The folks at NIKE have the lean spin down pat. I am sure some consultant somewhere has done well thoroughly indoctrinating them in the whole lean spiel. the problem is that, when you have a fundamentally flawed model to begin with, streamlining those processes with lean is inherently a waste of time.
You can read Nike waxing eloquently about empowering their workforce and engaging everyone in continuous improvement. It is right out of the lean handbook. And it is easy to be impressed with their lean rhetoric.
All they have done is drenched perhaps the second ugliest manufacturing pig in the world (even they cannot reach the bottom of the manufacturing sewer Apple owns) with a lot of very exotic perfume. No company is more obsessed with the pursuit of cheap labor than Nike, and it is hard to imagine anyone wastes more money doing it. They are very profitable to be sure, but they leave an incredible amount of money on the table.
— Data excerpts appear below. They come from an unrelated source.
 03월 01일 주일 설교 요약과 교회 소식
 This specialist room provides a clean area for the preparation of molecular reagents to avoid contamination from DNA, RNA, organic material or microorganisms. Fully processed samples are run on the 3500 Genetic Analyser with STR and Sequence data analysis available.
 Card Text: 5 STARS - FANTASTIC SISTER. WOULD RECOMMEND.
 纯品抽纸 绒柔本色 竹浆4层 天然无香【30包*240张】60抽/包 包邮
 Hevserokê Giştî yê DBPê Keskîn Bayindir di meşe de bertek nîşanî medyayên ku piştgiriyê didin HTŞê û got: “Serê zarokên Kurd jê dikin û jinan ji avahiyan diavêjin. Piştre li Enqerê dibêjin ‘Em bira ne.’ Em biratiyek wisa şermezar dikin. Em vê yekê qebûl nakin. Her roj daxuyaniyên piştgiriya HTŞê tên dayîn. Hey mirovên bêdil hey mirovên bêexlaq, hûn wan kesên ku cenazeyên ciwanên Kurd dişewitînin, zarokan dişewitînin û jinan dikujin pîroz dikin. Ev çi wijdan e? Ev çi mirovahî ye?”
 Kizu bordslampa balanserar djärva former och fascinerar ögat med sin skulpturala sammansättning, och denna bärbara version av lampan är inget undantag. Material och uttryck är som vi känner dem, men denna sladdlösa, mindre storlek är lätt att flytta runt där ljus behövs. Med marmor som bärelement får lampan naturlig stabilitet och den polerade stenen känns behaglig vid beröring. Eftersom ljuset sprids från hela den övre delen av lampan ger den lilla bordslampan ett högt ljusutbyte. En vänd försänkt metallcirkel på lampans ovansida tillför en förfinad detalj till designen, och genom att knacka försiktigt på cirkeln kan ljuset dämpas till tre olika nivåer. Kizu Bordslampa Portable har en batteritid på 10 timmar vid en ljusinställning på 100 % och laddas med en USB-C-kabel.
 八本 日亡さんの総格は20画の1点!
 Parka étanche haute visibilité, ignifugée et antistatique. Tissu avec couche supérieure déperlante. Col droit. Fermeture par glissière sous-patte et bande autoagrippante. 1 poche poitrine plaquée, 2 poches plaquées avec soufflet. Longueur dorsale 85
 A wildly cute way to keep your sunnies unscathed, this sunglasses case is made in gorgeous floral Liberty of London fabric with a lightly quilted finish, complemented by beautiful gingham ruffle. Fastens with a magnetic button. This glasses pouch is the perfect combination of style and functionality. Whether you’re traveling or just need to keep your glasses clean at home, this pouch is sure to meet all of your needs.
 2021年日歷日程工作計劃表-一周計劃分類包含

"Virtually all of our footwear is produced by factories we contract with outside of the United States. In fiscal 2010, contract factories in Vietnam, China, Indonesia, Thailand, and India manufactured approximately 37%, 34%, 23%, 2%, and 1% of total NIKE Brand footwear respectively." They especially love Vietnam where the minimum wage is about 50 cents an hour. A primary focus of their lean strategy is the "elimination of lost time" - at four bucks a day they can't afford any slacking. According to NIKE, paying more than minimum wage is problematic, as well:
"Among the factors affecting the wage debate are the competing concerns of various constituents. Shareholders want to see strong returns on their investments. Consumers want products at competitive prices. Manufacturers need to earn a profit to sustain their business and grow. Governments want to attract and retain investment in order to fuel growth, jobs and revenue. Most important, workers want to earn wages that meet their basic needs and enable their families to take advantage of growing educational and economic opportunities." All of these stakeholders think paying folks a dime more than their mandated 50 cents would make or break the deal, huh?
I don't care what NIKE pays people. What I scratch my head at is the insanity of carrying $2 billion plus in inventory - turning 5 times a year - and that is the NIKE inventory, not counting all of the inventory sitting in retailers warehouses and on their shelves. I can't reconcile a lean strategy to improve quality that is targeted at factories in wretched corners of the globe (and NIKE knows full well how wretched they are which is why they boast of having no more than 5-7% of their production with any one contractor in order to mitigate the enormous company and country risk inherent in their business model). It is fundamentally impossible to achieve excellent quality with a process that entails a three month cycle time between creating defects in factories and having end customers find them. That process can only be minimally controlled through the waste of inspection.
I can't wrap my mind around a business model that pours enormous sums of money into information systems to manage 10,000 mile long supply chains encompassing 600 contract factories spead out among every backwater place on the globe, deploying armies of inspectors to try to minimize the sweatshop-type abuses that have plagued NIKE - and sees people wasting 50 cent an hour time as the biggest opportunity to eliminate waste.
Who cares about NIKE? Certainly not me. The moral of the story is that applying lean to a basically dumb business model defeats the purpose of lean. The business has to built on a foundation of common economic sense first, then the processes should be optimized. Walking past buildings full of massive computers and bursting with billions of dollars in inventory to apply lean to the pocket change labor cost in Ho Chi Minh City represents a waste of perfectly good lean knowledge and expertise.